### TASK STATEMENT
Verbatim output of the lines below is required, with the images omitted.

### THE DATA
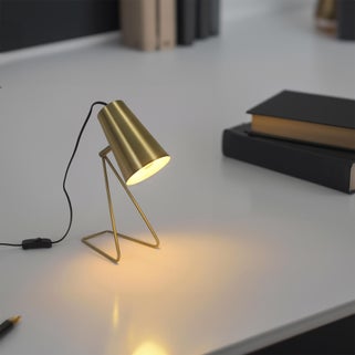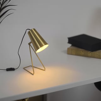 Το φωτιστικό Moeta της INSPIRE, με ύψος 30 cm, προσθέτει μια μοντέρνα και κομψή πινελιά στον εσωτερικό σας χώρο χάρη στο χρυσό ατσάλινο σκελετό του. Το ατσάλινο καπέλο του διαχέει ένα ζεστό και αποτελεσματικό φως, ιδανικό για να φωτίζει ένα γραφείο, ένα κομοδίνο ή μια μικρή γωνία σαλονιού. Η υποδοχή E14 σάς επιτρέπει να επιλέξετε τη λάμπα που ταιριάζει καλύτερα στις ανάγκες σας, δημιουργώντας την επιθυμητή ατμόσφαιρα. Ιδανικό για μικρότερους χώρους.
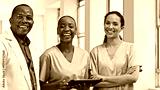 Smiling Multicultural Healthcare Professionals Collaborating in a Bright Medical Facility Hallway
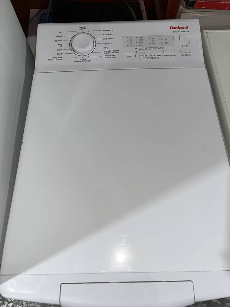 Lavadora de carga superior de la marca Corberó de color blanco. Se trata de una lavadora que tiene una capacidad de lavado de hasta seis coma cinco kilogramos de ropa a la vez y se carga por la parte superior. Es una lavadora de gran tamaño que resulta ideal para tenerla en la galería de cualquier hogar. Como se puede observar en las fotografías se encuentra en buenas condiciones.

### FINISHED TASK
 Το φωτιστικό Moeta της INSPIRE, με ύψος 30 cm, προσθέτει μια μοντέρνα και κομψή πινελιά στον εσωτερικό σας χώρο χάρη στο χρυσό ατσάλινο σκελετό του. Το ατσάλινο καπέλο του διαχέει ένα ζεστό και αποτελεσματικό φως, ιδανικό για να φωτίζει ένα γραφείο, ένα κομοδίνο ή μια μικρή γωνία σαλονιού. Η υποδοχή E14 σάς επιτρέπει να επιλέξετε τη λάμπα που ταιριάζει καλύτερα στις ανάγκες σας, δημιουργώντας την επιθυμητή ατμόσφαιρα. Ιδανικό για μικρότερους χώρους.
 Smiling Multicultural Healthcare Professionals Collaborating in a Bright Medical Facility Hallway
 Lavadora de carga superior de la marca Corberó de color blanco. Se trata de una lavadora que tiene una capacidad de lavado de hasta seis coma cinco kilogramos de ropa a la vez y se carga por la parte superior. Es una lavadora de gran tamaño que resulta ideal para tenerla en la galería de cualquier hogar. Como se puede observar en las fotografías se encuentra en buenas condiciones.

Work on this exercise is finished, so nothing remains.